Ankle, knee and shoulder sprains can be simple injuries that only keep a player off the field for 7 to 10 days.
But if a sprain isn’t diagnosed early and an athlete keeps the injury immobilized, it could take him out for half a season.
Today, I had the chance to speak with WAKR host Ray Horner about this topic. The key to this injury is diagnosing it early and getting that joint moving again within the first 24 to 48 hours.
Below is an audio file and transcript of our discussion.
DR. CONGENI: Hey, Ray. How are ya doing?
HORNER: I’m doing real well. What do you have for us today?
DR. CONGENI: Well, you know what? You and I have been [talking about] all these complex things. How about doing something simple?
HORNER: Sounds good.
DR. CONGENI: Let’s talk about a couple of injuries that are simple that I’ve seen so much in my office and I just want to get it straight for people. It’s an injury called a sprain.
There are 3 particular sprains that I want to talk about today because the diagnosis of them are pretty easy, but the treatment of them varies widely and can really affect a high-school athlete of any kind in a contact sport.
The 3 sprains that we see pretty frequently … are an ankle sprain, knee sprain and a shoulder sprain. A sprain is a stretched or torn ligament.
In the ankle, somebody twists their ankle and ligaments on the side get stretched or torn.
In the shoulder, an AC sprain — also known as a partially separated shoulder — where between the collarbone and the shoulder blade there will be a stretch or tear in the ligament from a hit directly on the top of the shoulder, a blow to the shoulder. This, of course, occurs in football a lot this time of year.

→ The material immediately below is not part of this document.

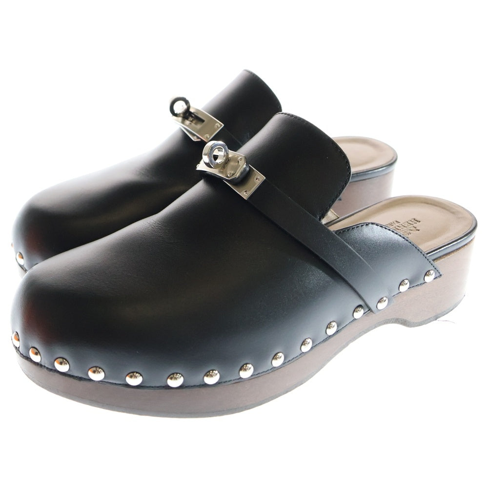 HERMES(エルメス) カルロッタ ケリー レザー サボ サンダル ローカットシューズ ミュール シルバー金具 ブラック レディース

In the knee, a hit on the outside of the knee that occurs in soccer from a slide tackle or in football from a blow to the outside of the knee — a lineman getting cut — will stretch the ligaments or tear the ligaments partially on the inside of the knee called the MCL, the medial collateral ligament.
But, a knee sprain, shoulder sprain, ankle sprain, that isn’t where it ends. The key to this is diagnosing it early as long as there’s not a fracture, which 90 percent of the time there’s not a bone injury; these are purely ligament injuries. They’re swollen, they’re painful and the first thing that a lot of people want to do is immobilize them for a period of time and not use them.
And this is what happens. They come in to see us after they’ve been immobilized for 2 weeks and instead of an injury that could be playing in 7 to 10 days, these people will be out, they’ll miss half a season. You know, football season 10 games, soccer season 20 games. They’re going to miss half the games after all that work all summer to get ready for it.
In this situation, it’s exactly the opposite. The key is not to stay in the swing too long for the shoulder, or that immobilizer coming out of the emergency room with the crutches or in that big boot on the ankle sprain. The key is within the first 24 to 48 hours get that joint moving. Get the swelling out of there, get the pain down and get the strength back in the joint.
It can literally mean the difference, Ray, between playing again within a week to 10 days versus somebody who misses a half season because this injury was not treated appropriately or aggressively enough.
So, for a kid that cares about sports getting that injury in early within the first few days is really the important message of what I wanted to cover today.
HORNER: Sounds good. Thank you, Joe. As always, we’ll see you at a football field near you, right? [laughter]
DR. CONGENI: Alright. Sounds good. See you soon, Ray.
HORNER: Alright. Dr. Joe Congeni from Sports Medicine Center at Children’s Hospital joining us.